# Roamio Remote Played Sounds



## dkraft (Dec 20, 2004)

I was working on my Roamio changing cable connections. I started hearing this musical sound. I thought I've never heard that sound from my iPhone before. Finally I figured out it was the Roamio remote playing some kind of musical tones. What is that sound for and how did it start playing? I've had Tivo for years and never heard a remote make a sound. It played until I touched a key.


----------



## Smirks (Oct 7, 2002)

That's the "lost remote" feature. Maybe you accidentally pressed "remote" button on the front of the Roamio?


----------



## dkraft (Dec 20, 2004)

Smirks said:


> That's the "lost remote" feature. Maybe you accidentally pressed "remote" button on the front of the Roamio?

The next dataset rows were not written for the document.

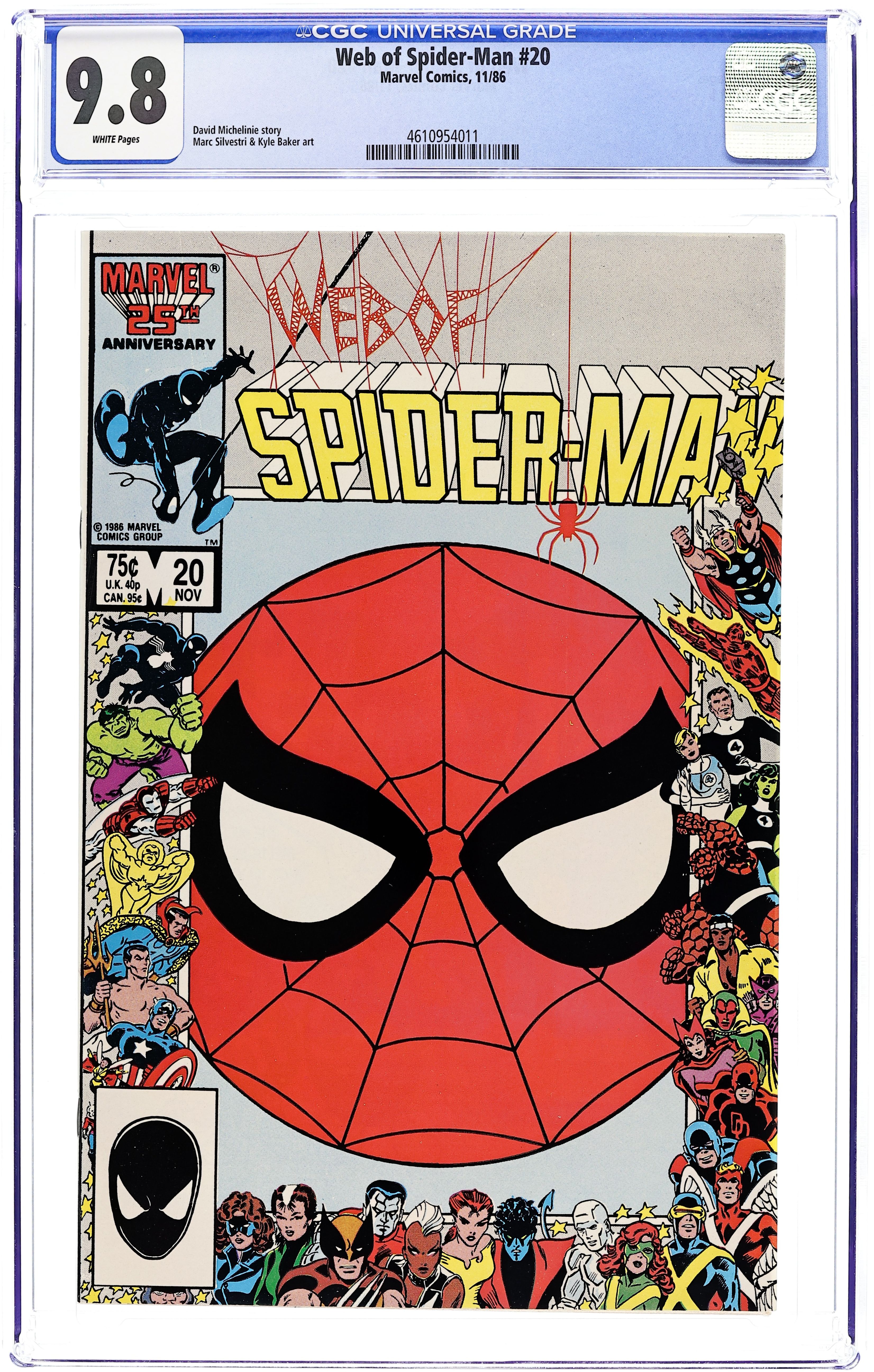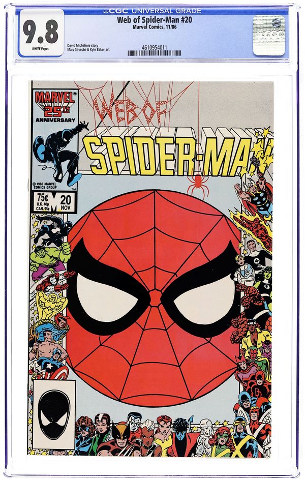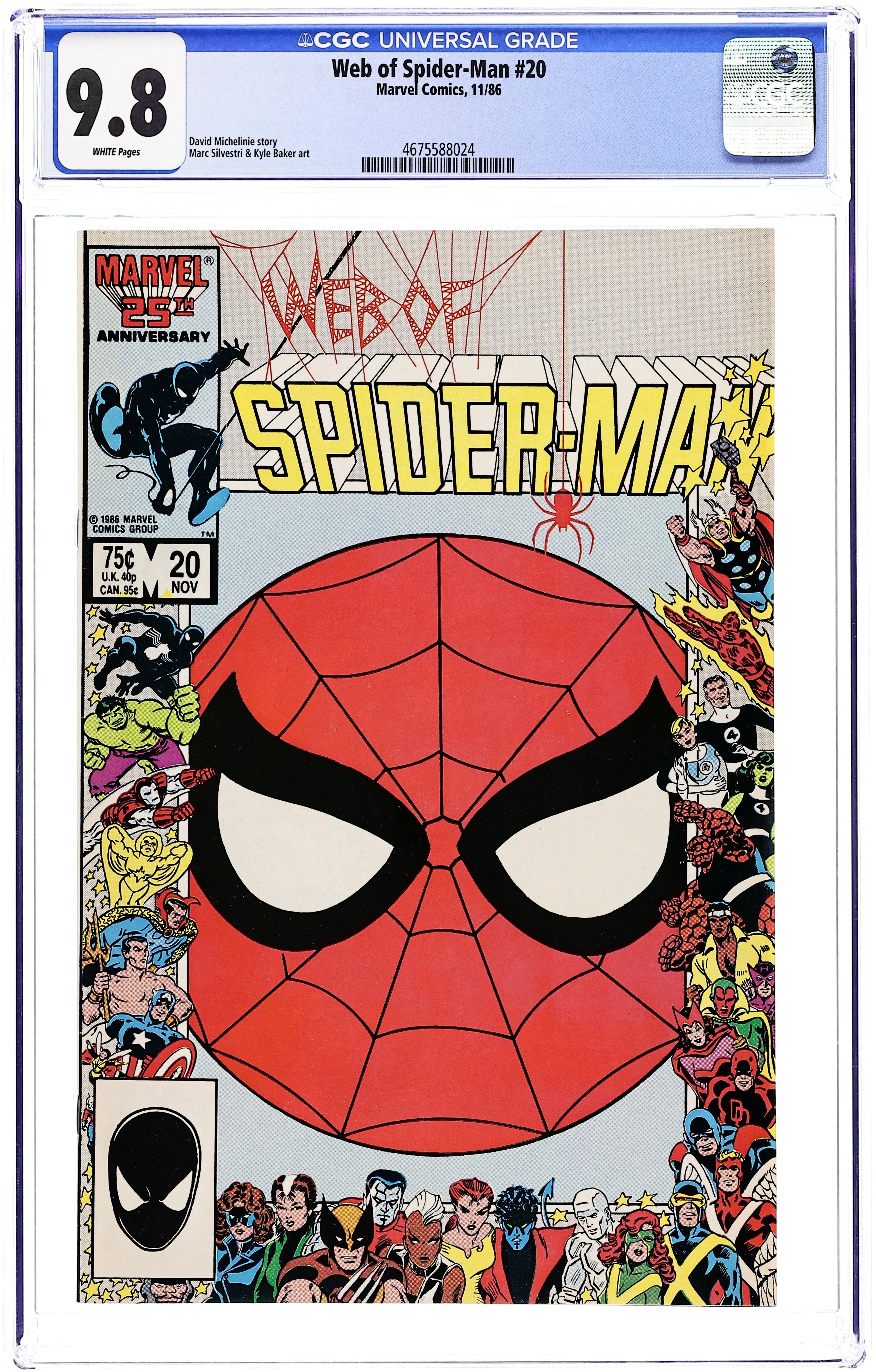 Direct Edition. "Little Wars!" Marvel 25th Anniversary Cover. Story by David Michelinie. Art by Marc Silvestri and Bob McLeod. Peter Parker and Joy Mercado arrive at London's Heathrow Airport just in time for a terrorist attack! After stopping the airport attack, Spider-Man must next prevent the assassination of the British prime minister. Cover price $0.75.
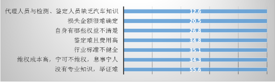 消费者维权遇到的主要障碍是:“举证难”,占55.6%;“维权成本高”,占34.3%;“行业标准不健全”,占35.1%;“鉴定难且费用高”占34.8%;消费者“不清楚自身权益”占26.8%;“损失金额很难确定”占20.5%等。
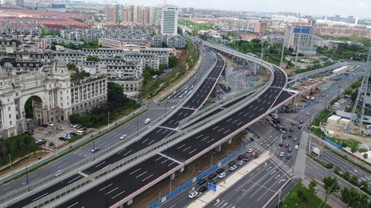 据隧道股份市政集团项目部介绍,该工程在保留一部分原立交系统情况下,在金海路立交区域内增加两条匝道线与主线合并,形成两进两出双“人”字形高架系统,自下而上进行多维度空间化改造。工程建成后,将极大缓解该路段因车流量大、上下班高峰造成的拥堵。
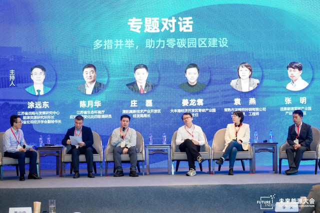 江苏省战略与发展研究中心能源资源研究所所长、江苏省宏观经济学会副秘书长涂远东主持“多措并举,助力零碳园区建设”专题对话,江苏省生态环境厅应对气候变化处四级调研员陈月华、溧阳高新技术产业开发区经发局局长庄磊、大丰港经济开发区零碳产业园副主任姜龙翥、常熟市龙腾特种钢有限公司工会主席、工程师袁燕、远景能源零碳产业园产品开发总监张明等行业专家共同参与,探讨零碳园区的发展与建设。
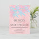 Modern Pink and Blue Palm Tree Trendy Save The Date
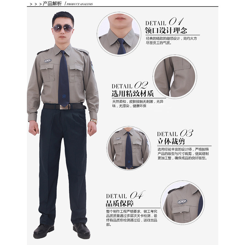 Security work clothes summer long and short-sleeved shirt top cement gray security property dark green summer pants duty service

Thanks. Didn't even know Tivo had that feature.


----------



## Smirks (Oct 7, 2002)

dkraft said:


> Thanks. Didn't even know Tivo had that feature.


Took me by surprise the first time I accidentally hit it too!


----------



## Leon WIlkinson (Feb 13, 2000)

How far can that remote finder work from? like from one side of a house to the other end down a floor.


----------



## Devx (Jun 1, 2006)

Leon WIlkinson said:


> How far can that remote finder work from? like from one side of a house to the other end down a floor.


It should be limited by the RF range which is 30-40 ft based on the posts I've seen. I've personally used it up to about 30 ft with no problem.


----------